Web Log - January, 2013

7-Jan-13 World View -- Brookings Institute freaks out over 'extremism' and fiscal cliff

India and Pakistan armies clash in Kashmir

This morning's key headlines from GenerationalDynamics.com

Syria's Assad promises new violence in public speech


Bashar al-Assad on TV on Sunday
Bashar al-Assad on TV on Sunday

When it was announced that Syria's president Bashar al-Assad would give a nationwide speech on Sunday, some people dared to hope that he would announce an end to his program of massive bloody slaughter of innocent women and children in his own country. Unsurprisingly, nothing of the sort happened. Here are some excerpts from his speech:

"Today we meet and suffering permeates Syrian land and there is no place for joy in any corner of the country while security and safety are absent from its streets and alley ways.

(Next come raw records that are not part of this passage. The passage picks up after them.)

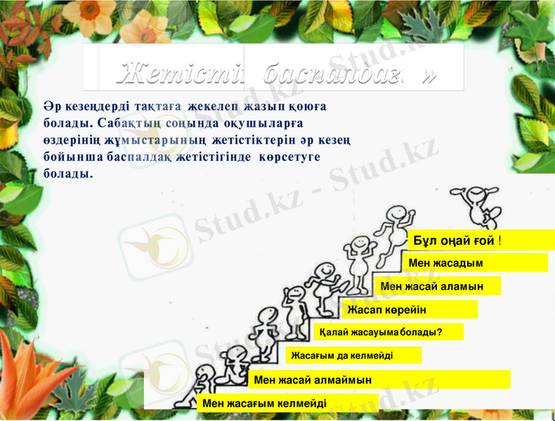 Оқушылар сабақ соңында «Жетістік баспалдағы» арқылы өздерінің жетістіктерін көрсетіп, мұғалімге тапсырады.
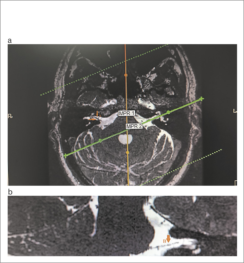 Рис. 3. Лицевой нерв на МРТ черепных нервов: а – правый лицевой нерв; b – левый лицевой нерв.
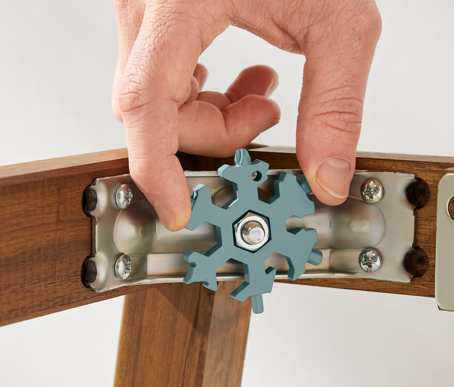 • 3 šestihranné klíče, 8 šroubových klíčů, 2 nástrčné ořechy, 2 křížové šroubováky Phillips, plochý šroubovák, řezací nůž, otvírák na láhve, klíčový otvor
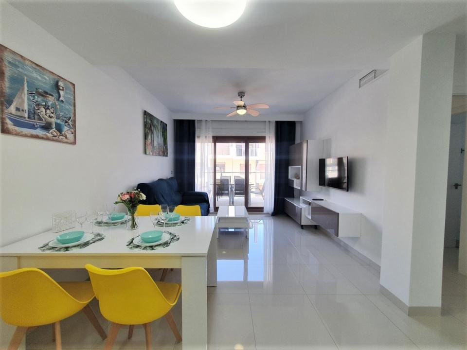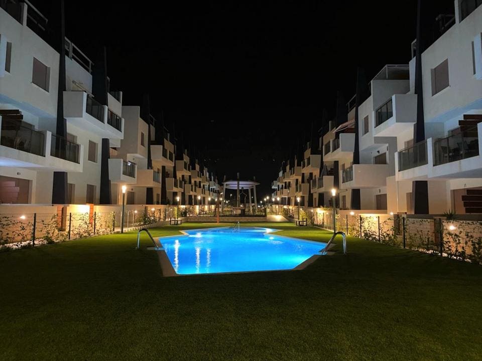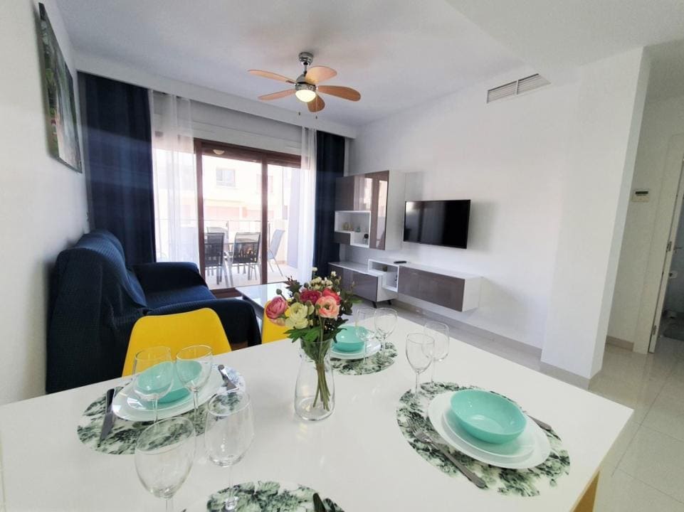 Excelente apartamento con una gran terraza se encuentra en el complejo residencial Bianca Beach, que se encuentra en el pequeño y acogedor pueblo de Torre de La Horadada, en el sur de la provincia de Alicante, en la costa mediterránea de España.
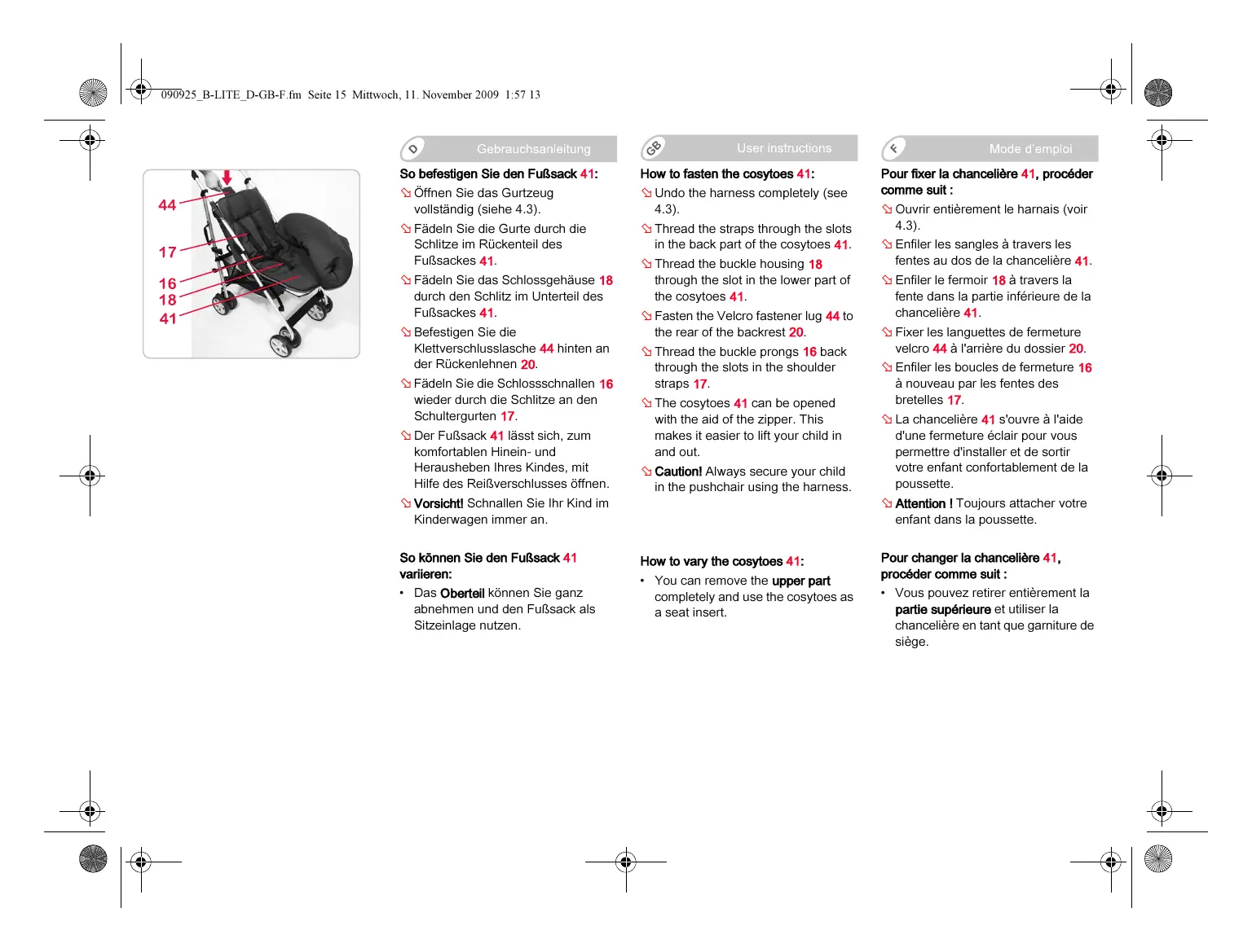 So können Sie den Fußsack 41 variieren: • Das Oberteil können Sie ganz abnehmen und den Fußsack als Sitzeinlage nutzen.
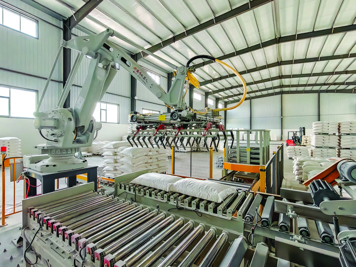 ▶4月24日,平陆县塬麦面粉加工有限公司自动化流水线在生产加工面粉。 据了解,该公司年可生产各种面粉10万吨,实现产值3亿元、利税1000万元,吸纳50余名周边农民工就业,带动小麦种植、储存、运输、粮食收购等行业发展,有效解决了当地及周边县市农民的余粮销售问题。
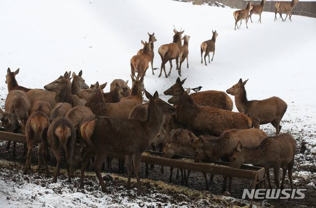 [제주=뉴시스]우장호 기자 = 대한(大寒) 절기를 이틀 앞둔 18일 오전 제주 한라산 중산간 지대의 한 농장에서 사육 중인 붉은사슴 무리가 아침 식사를 하고 있다. 2021.01.18. woo1223@newsis.com
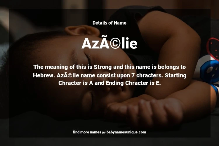 The name Azélie is chosen by those who are willing to find Unique Boy Baby Names. The meaning of this is Strong and this name is belongs to Hebrew Origin. Baby Name Azélie consist upon 7 chracters. Starting alphabet is A and ending alphabet is E. This name is used primarily by parents who are considering unique baby names for Boy. The Zodiac Sign suitbale for this name are;

We meet today and there are mothers who have lost their finest children and families who have lost their providers, children who have been orphaned and brothers divided among the martyrs, the refugees, and the missing. ...

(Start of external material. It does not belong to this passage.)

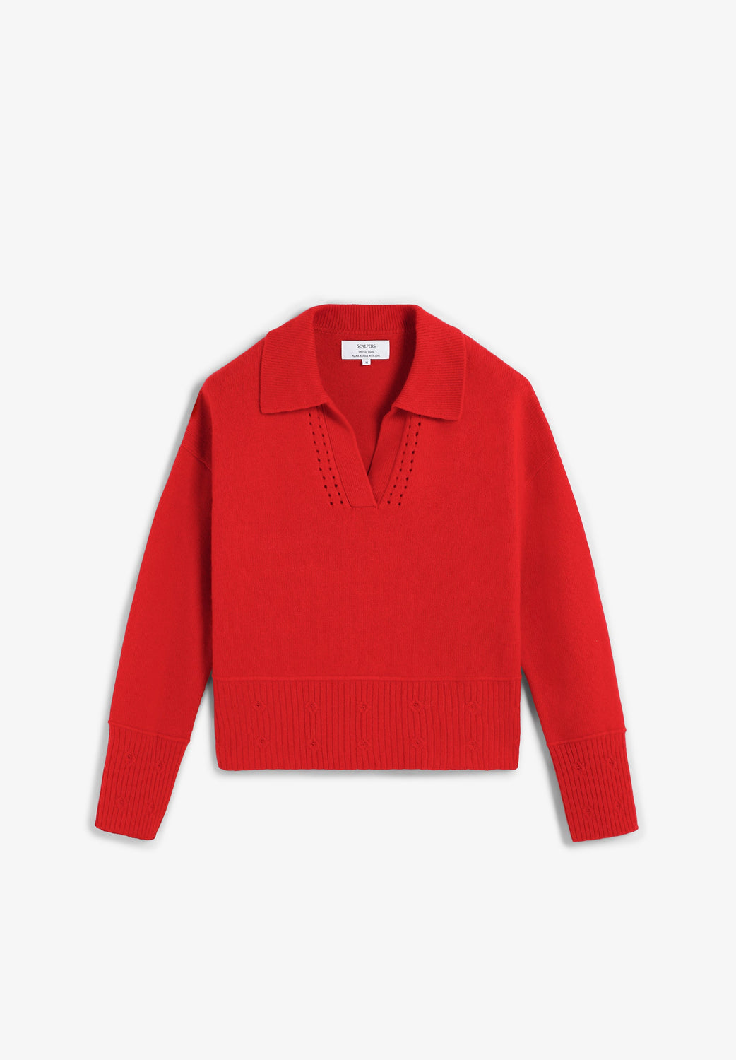 Polo shirt-style sweater made of a wool and cashmere blend. Polo shirt-style collar with cutout detailing. Regular fit. Long sleeves with ribbed cuffs. Ribbed hem with embossed detailing.

Terrorists holding the views of al Qaeda who call themselves jihadists are the ones running the terrorist operations here and we are fighting them. It is not impossible to destroy them if we have the courage. ...

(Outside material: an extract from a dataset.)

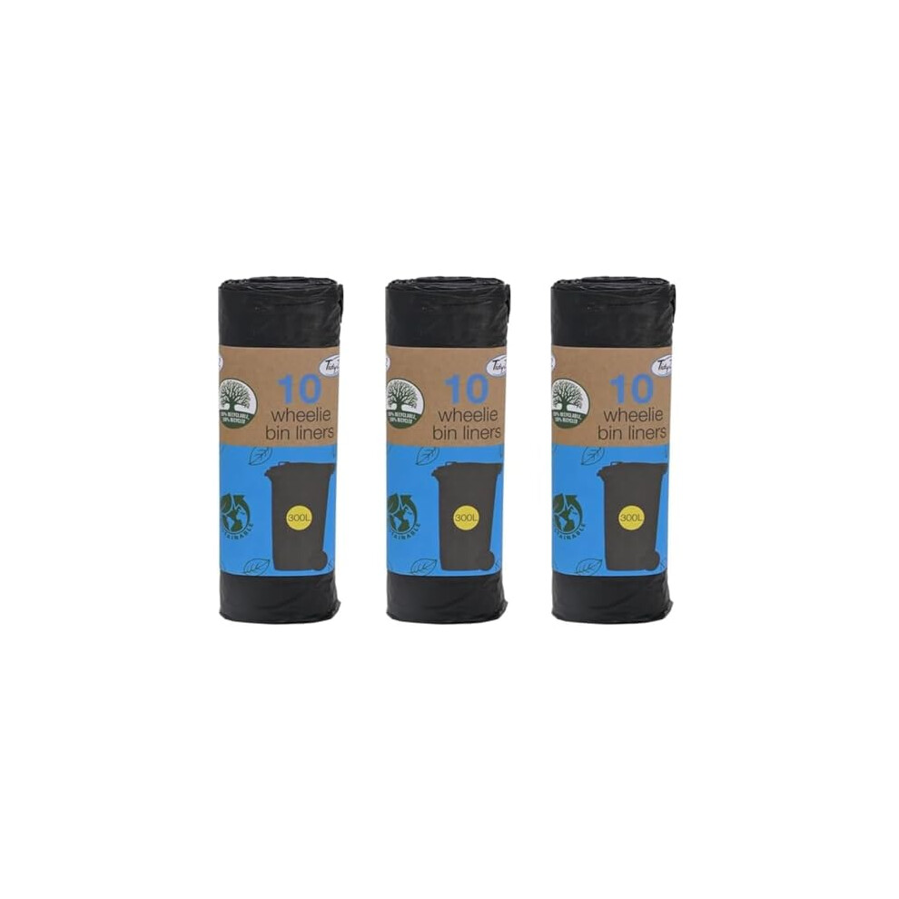 x3 10 pack Super Strong Wheelie Bin Black Bin Liners 10 Pack x3, 300 Litres capacity each bag (Total 30 bags)
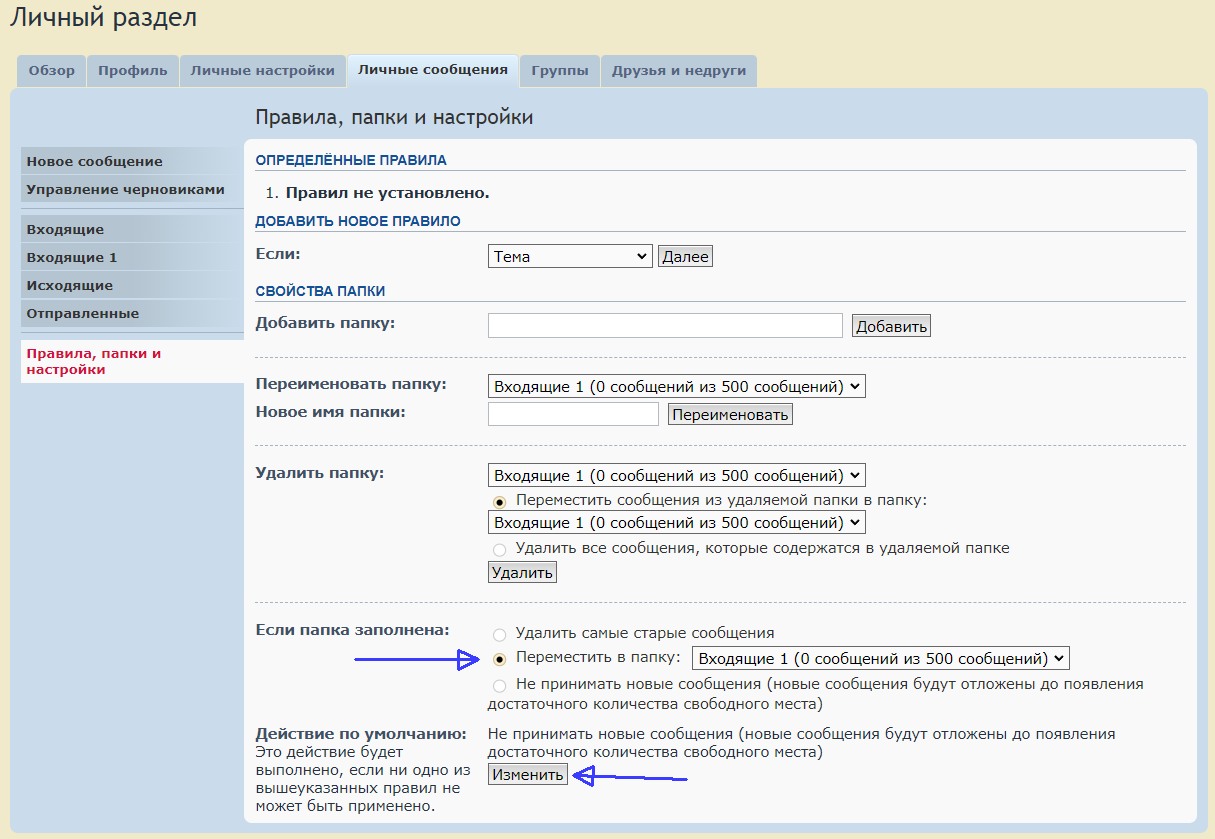 Теперь при переполнении папки "Входящие" самые старые сообщения (или новые?) будут перемещаться в папку "Входящие 1"

Whoever talks solely of a political solution only is turning a blind eye to the facts and he is either ignorant or has been fooled into selling his people and the blood of martyrs for free and we will not allow this.

We are now in a state of war in every sense of the word. This war targets Syria using a handful of Syrians and many foreigners. Thus, this is a war of defending the nation."

There have been 60,000 deaths since the war began in March, 2011, the vast majority of them women and children. In saying that his opponents are foreigners and terrorists, controlled by foreign powers, he's indicating that he plans to continue massacring innocent women and children.

Assad's speech is another embarrassment for Lakhdar Brahimi, the United Nations envoy who replaced Kofi Annan, and who has been meeting frequently with al-Assad in an attempt to convince him to agree to some kind of political solution. Like Annan, Brahimi has been a total failure. Reuters and Guardian (London)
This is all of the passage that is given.